→ What you are asked to do:
I would like the lines below, from the one with "This set includes" through the one with "master. Covered patio.", copied exactly and without any pictures.

→ Records to process:
[Start of Attachment]
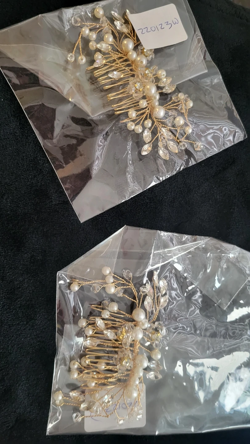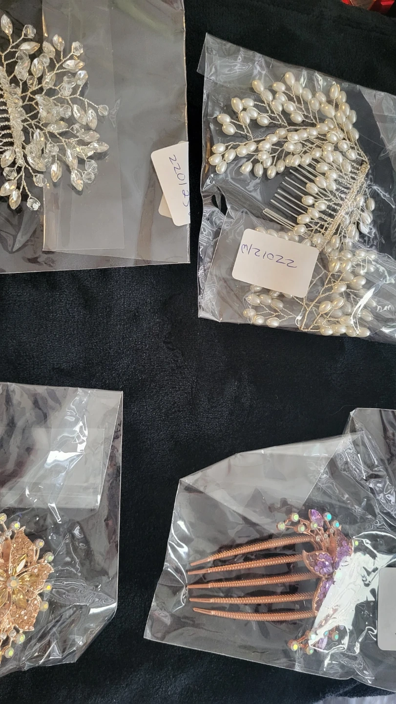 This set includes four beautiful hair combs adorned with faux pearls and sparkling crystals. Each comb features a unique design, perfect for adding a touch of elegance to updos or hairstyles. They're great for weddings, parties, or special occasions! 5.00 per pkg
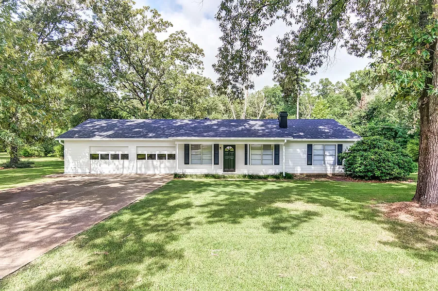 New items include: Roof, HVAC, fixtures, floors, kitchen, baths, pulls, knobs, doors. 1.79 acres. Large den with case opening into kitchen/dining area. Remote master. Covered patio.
[End of Attachment]
[Start of Attachment]
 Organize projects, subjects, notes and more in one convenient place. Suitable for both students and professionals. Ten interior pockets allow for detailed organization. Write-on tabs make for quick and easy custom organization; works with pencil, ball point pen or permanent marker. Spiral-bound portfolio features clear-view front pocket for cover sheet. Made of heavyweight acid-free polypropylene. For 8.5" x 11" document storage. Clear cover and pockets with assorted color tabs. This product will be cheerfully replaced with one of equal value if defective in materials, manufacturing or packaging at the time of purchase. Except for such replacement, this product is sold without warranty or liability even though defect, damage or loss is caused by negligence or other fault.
[End of Attachment]
→ Written solution:
 This set includes four beautiful hair combs adorned with faux pearls and sparkling crystals. Each comb features a unique design, perfect for adding a touch of elegance to updos or hairstyles. They're great for weddings, parties, or special occasions! 5.00 per pkg
 New items include: Roof, HVAC, fixtures, floors, kitchen, baths, pulls, knobs, doors. 1.79 acres. Large den with case opening into kitchen/dining area. Remote master. Covered patio.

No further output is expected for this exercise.